Kurz gesagt, es scheint, dass wir uns von 1946 bis in die späten 60er Jahre in einer orwellschen Umgebung eines sorgfältig orchestrierten mehrjährigen Krieges befinden. Die Abhängigkeit von der UdSSR scheint in den frühen 70er Jahren zu schwanken, da, was noch wichtiger ist, die amerikanische Führung selbst durch das Scheitern in Vietnam und die anschließende Suspendierung von Bretton Woods 1971 schwer beschädigt wird. Die Rolle und das Erbe von Nixon sind in dieser Hinsicht entscheidend, ebenso wie sein Ableben durch Watergate. Es folgt das ungewisse Quinquennium von 1974-1979 - eine Periode von absolut zentraler Bedeutung, in der die Vorfahren des Globalismus - die Demokraten der Trilateralen Kommission - vergeblich versuchen, die Situation zu retten, indem sie versuchen, die Weltordnung in der schwerfälligen Gegenwart eines sterbenden Sowjetreiches zu schaffen. Sie werden scheitern; es werden stattdessen Reagans neokonservative Falken sein, die sich erheben würden, um das kalte Spiel zu lösen, indem sie den Stecker an der UdSSR ziehen (1981-1991).

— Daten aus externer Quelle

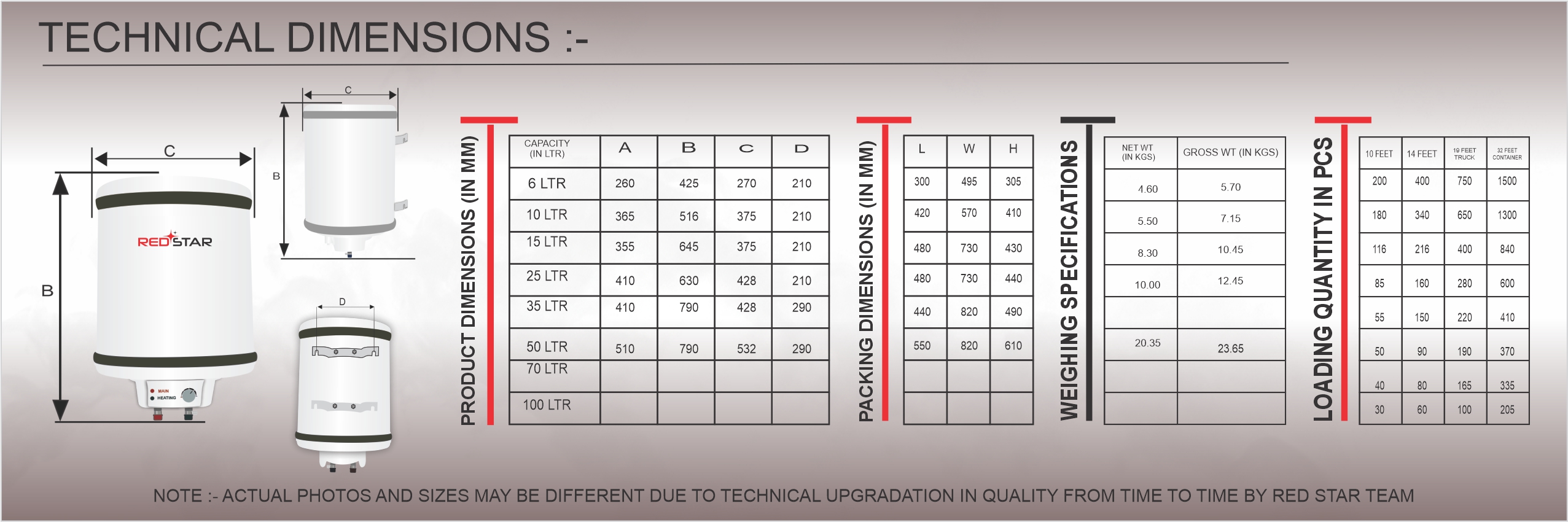 | Capacity Options | 6 / 10 / 15 / 25 / 35 / 50 Litres |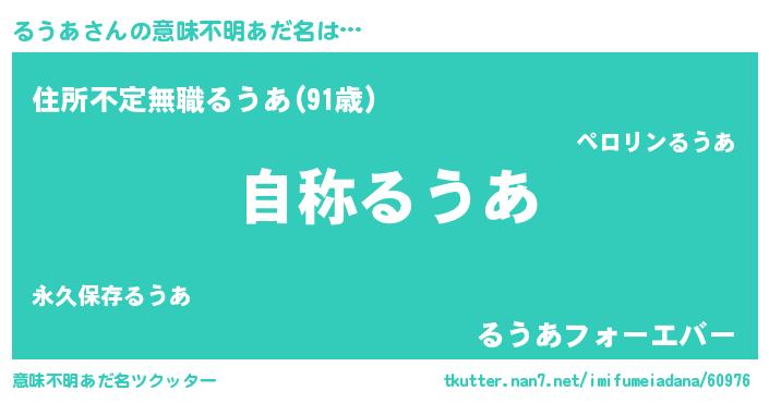 | 欧米人風あだ名 | 『ケンブリッジるうあ』『マイケルるうあ』 |

Nun, wenn man das alles in einer kohärenten Erzählung zusammenfassen kann, dann und nur dann können wir weitermachen und eine ernsthafte Analyse dessen liefern, was seit 9/11 passiert ist (Terrorismus, Geopolitik usw.). Wenige Dinge sind für mich so irritierend wie die akademische Gefälligkeit, die über diese Ära hinwegtäuscht und bestätigt, dass es ein echter spiritueller Konflikt zwischen Ost und West war und dass alles perfekt verstanden wurde. Es gab keinen spirituellen Konflikt und es wurde wenig verstanden.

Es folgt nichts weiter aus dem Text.